—Laissez-le, maître, laissez-le, dit-il,—et subitement sur ses traits durs s'estompa une expression bonne, tendre et protectrice.—Dieu est miséricordieux. Nous nous arrangerons. Si vous y tenez vraiment, je m'arrangerai de façon que les chevaux ne manquent pas de foin...
Il savait que pour cela, il faudrait prendre sur son argent personnel, qu'il envoyait à sa vieille mère malade.
—Il s'agit bien du foin! cria Léonard.
Et épuisé, il s'affala sur une chaise.
Ses yeux clignèrent, se rapetissèrent, comme sous l'action d'un froid vif.
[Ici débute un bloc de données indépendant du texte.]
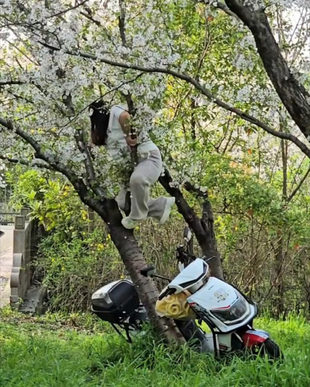 上海女子爬树压塌20年樱花树昨天我也刷到这个视频了,今天才看到说这棵树竟然已经有二十多年树龄了,被她这么一压,根都被压断了,真的看得令人生气!自己那么重跟头猪一样爬树上想干嘛?哪顶得住啊,把她照片贴在公园公告栏警示就对了,太可恶了这种行为,正常人都只在树底下拍个照就算了,还拿摩托车顶着爬。。
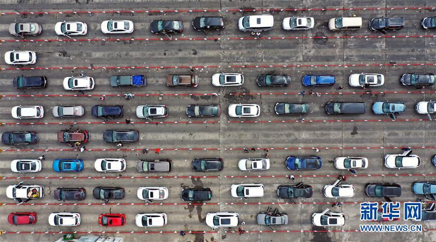 1月19日,車輛在??谛阌⒏圯喍纱a頭等待登船(無(wú)人機(jī)照片)。 新華社記者 郭程 攝

—Écoute, Marco. Je ne t'ai pas encore parlé de cela. Le mois prochain, il m'est nécessaire d'avoir quatre-vingts ducats, parce que... parce que j'ai emprunté... Oui, ne me regarde pas ainsi...
—A qui?
—A Arnoldo.
Marco battit désespérément des bras. Son toupet roux frémit.
—A Arnoldo! Je vous félicite! Savez-vous que c'est un démon pire que n'importe quel juif ou maure. Il ne craint pas la croix. Ah! maître, maître, qu'avez-vous fait? Et pourquoi ne m'avez-vous rien dit?